- Hajjiabad Location within Iran
- Coordinates: 35°31′00″N 50°35′50″E﻿ / ﻿35.51667°N 50.59722°E
- Country: Iran
- Province: Markazi
- County: Zarandiyeh
- District: Zaviyeh
- Rural District: Rahmatabad

Population (2016)
- • Total: 61
- Time zone: UTC+3:30 (IRST)

= Hajjiabad, Zarandiyeh =

Village in Markazi province, Iran

Hajjiabad (حاجي اباد) (Note: Also romanized as Ḩājīābād and Hājjīābād; also known as Ḩājjīābād-e ‘Olyā) is a village in Rahmatabad Rural District of Zaviyeh District in Zarandiyeh County, Markazi province, Iran.

==Demographics==
===Population===
At the time of the 2006 National Census, the village's population was 31 in nine households, when it was in Hakimabad Rural District of the Central District.

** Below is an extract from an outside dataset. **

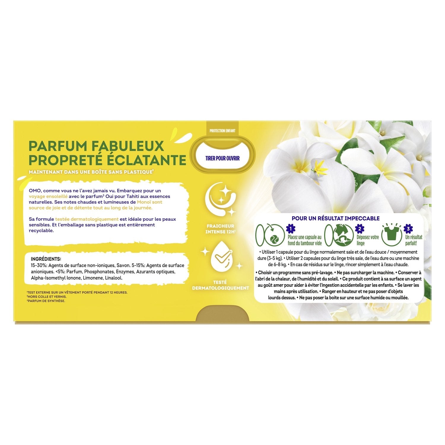 New OMO Monoï 3-in-1 laundry detergent capsules 29 Washes for intense freshness and a fabulous fragrance all day long¹.,Embark on a sunny journey with the Oui pour Tahiti fragrance³ with natural essences.,The warm and luminous notes of Monoï in this laundry detergent are a source of joy and relaxation all day long.,The OMO 3-in-1 laundry detergent capsule dissolves instantly even in cold water and on short cycles for a sparkling clean.,Its dermatologically tested formula is ideal for sensitive skin.,OMO laundry detergent capsules are now in fully recyclable cardboard packaging.

The following census in 2011 counted 44 people in 14 households. The 2016 census measured the population of the village as 61 people in 19 households.

In 2021, the rural district was separated from the district in the formation of Zaviyeh District. Hajjiabad was transferred to Rahmatabad Rural District created in the new district.